Example B p-trans-4-propylcyclohexylbenzonitrile 22.8% p-trans-4-pentylcyclohexylbenzonitrile 34.2% p-) Lance-4-heptylcyclohexylbenzonitrile 23.8% 4-cyano'-4'-() lance-4-pentylcyclohexyl)biphenyl 14.2% and 1-p-hebutoxyphenyl-2-propyl(-)-p-(5 -hebutylpyrimidin-2-yl)benzoate 5.0% The mixture has M, p, knee 5°, and c, p, : 69.7°.

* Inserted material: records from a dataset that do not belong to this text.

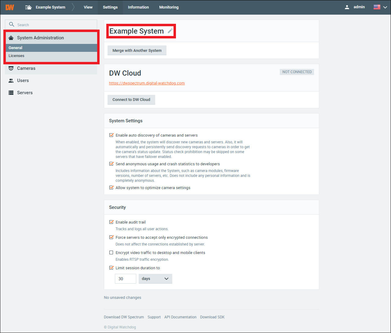 - To change the password of the local Admin user, launch DW Spectrum and connect with the System.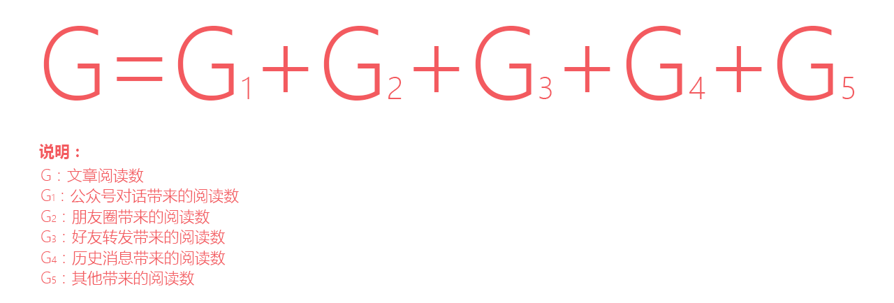通過公眾號后臺的數(shù)據(jù)統(tǒng)計維度進(jìn)行劃分,一篇文章的閱讀數(shù)G=G1+G2+G3+G4+G5。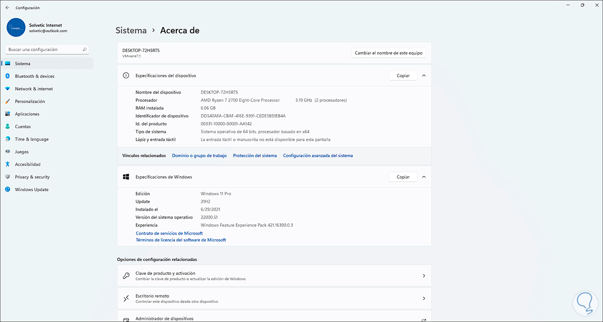 Cada una de etas opciones nos da la posibilidad de ver las propiedades del sistema en Windows 11.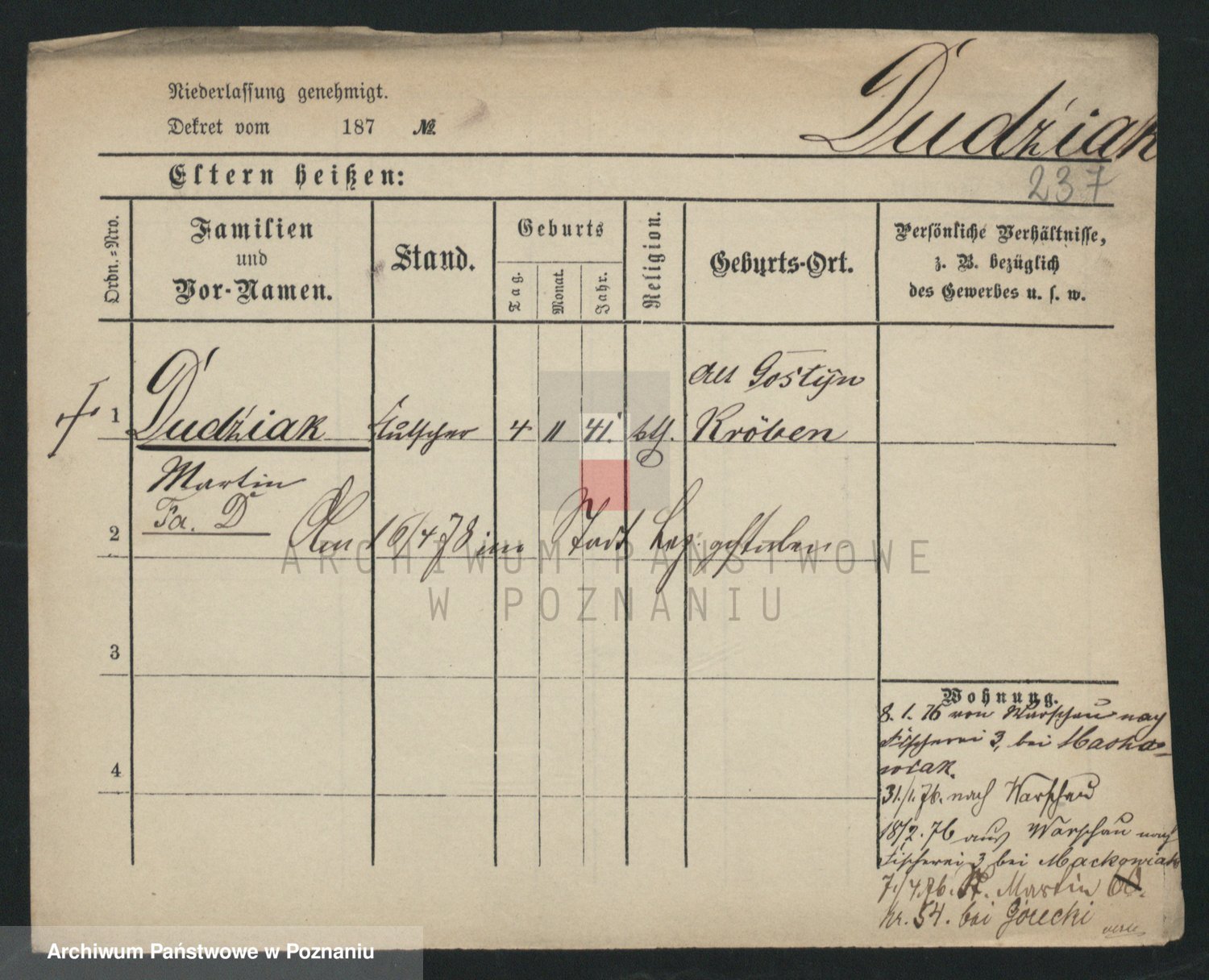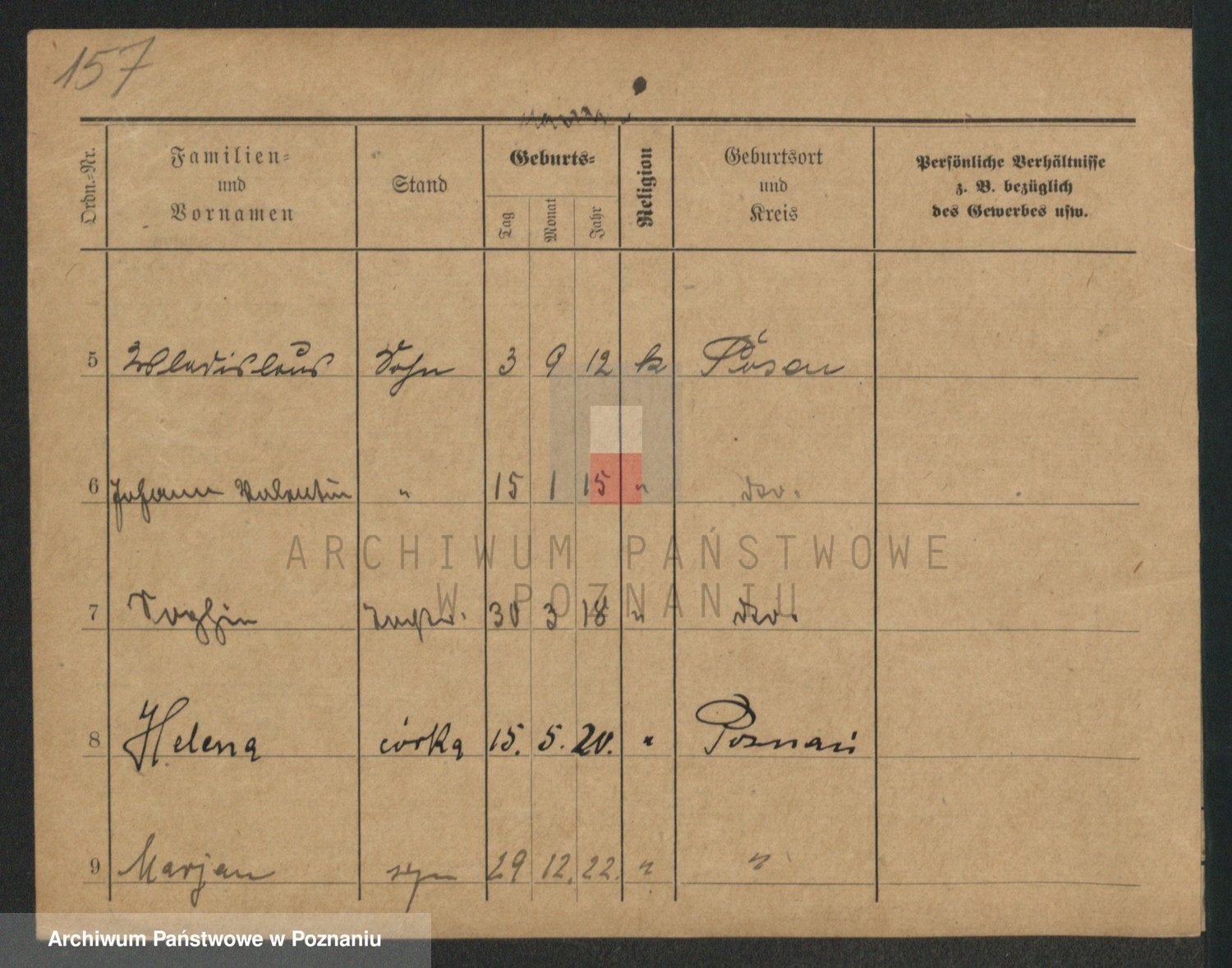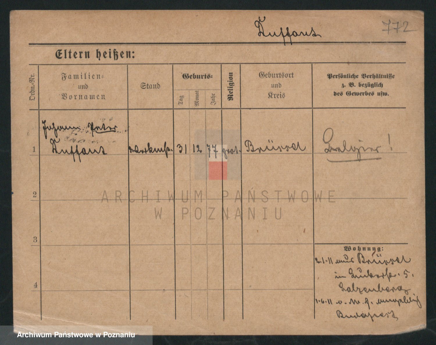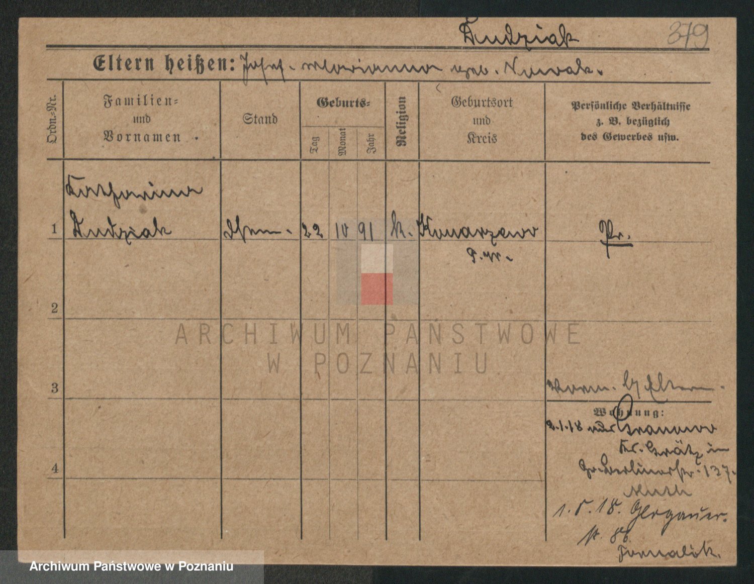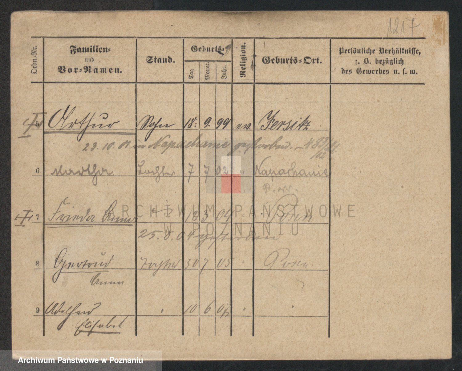 Podgląd karty osobowej dostępny jest po kliknięciu na nazwisko lub ikonkę karty. Można dokonywać powiększenia (ikony na górze) lub przechodzić między kolejnymi skanami (strzałki po bokach).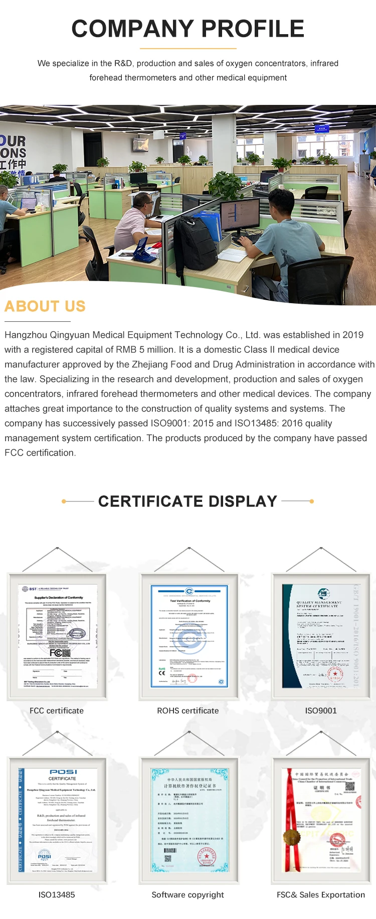 A: We are Hangzhou Qingyuan Medical Equipment Technology Co.,Ltd, whose parent company is Hangzhou AODI Electronic Co.,Ltd。

Example C p-trans-4-ethylcyclohexylbenzonitrile 13% p-) Lance-4-propylcyclohexylbenzonitrile 16% p-trans-4-butylcyclohexylbenzonitrile 12% 4-ethyl-4'-cyanobiphenyl 9% 4-propyl-4'-cyanobiphenyl 8% trans-1-p-methoxyphenyl-4-propylcyclohexane 14% 4-ethyl-4'-() lance-4-propylcyclohexyl)biphenyl 1 2% 4-ethyl-4'-() lance-4-pentylcyclohexyl)biphenyl 8 % 4-(trans-4-pentylcyclohexyl)-4'-(trans-4-pro Pyrcyclohexyl) biphenyl 7% and t-p-hebutoxyphenyl-2-propyl(-)-p-(5-hebutylpyry Midin-2-yl)-benzoate 1% Nz”N3X To j!E INTERNATIO:JAL 5EARCHR EPORT ON international search report

Claims (2)

[Claims] 1. Contains at least two types of liquid crystal components, including at least one type of chiral compound It is a nematic liquid crystal phase in which there are many chiral compounds in one chiral It is a compound with a chiral center, and this chiral center has two cyclic mesogenic properties. A nematic material characterized by being a crosslinking component containing an even number of crosslinking members between the bases. liquid crystal phase. 2. The chiral compound has formula I R1-X1-CHR0~(CH2)p-X2-R2 I [wherein X1 and X2 are -CO-O-, -〇-CO-, -CH2CO-O- , -CO-O-CH2, -CH2O-, -OCH2-, -CH2CH2, -O- or represents a single bond, and R1 and R2 are each independently a group -(A1- Z)m-(A2)n-Y, where A1 and A2 are each independently, 1,4-phenylene, one or more CH groups present in this group may be replaced by N, or A1 and A2 are each 1, represents 4-cyclohexylene, one CH2 group present in this group or the adjacent The two CH2 groups that are not Alternatively, A1 and A2 may each be 1,4-bicyclo[2,2, 2] represents octylene, and these groups also have one or two substituents The above F, Cl, Br, CN and/or alkyl group (this alkyl group is C up to 12 atoms, and one CH2 group present in this group or the adjacent The two CH2 groups that are not present may be replaced by O atoms). and Z is -CO-O, -O-CO-, -CH2CH2-, -OCH2-, -CH2O-, -CH=N-, -N=CH-, -N=N-, -N(O)=N- or a single bond, m represents 0, 1 or 2, n represents 1 or 2, Y represents a straight-chain or branched alkyl group having up to 12 C atoms; One CH2 group or two non-adjacent CH2 groups present in this group are O radicals. or Y may be replaced by F, Cl, Br or CN. , p represents 0 or 1, and R0 is an alkali having up to 5 C atoms. represents a kill group or R0 is a halogen, CN, phenyl group or cyclo Represents a hexyl group, provided that -X1CHR0-(CH2)p-X2- in the bridge The number of members is an even number, and also at least of X1 and X2 groups One represents a single bond] A nematic phase according to claim 1, characterized in that it corresponds to.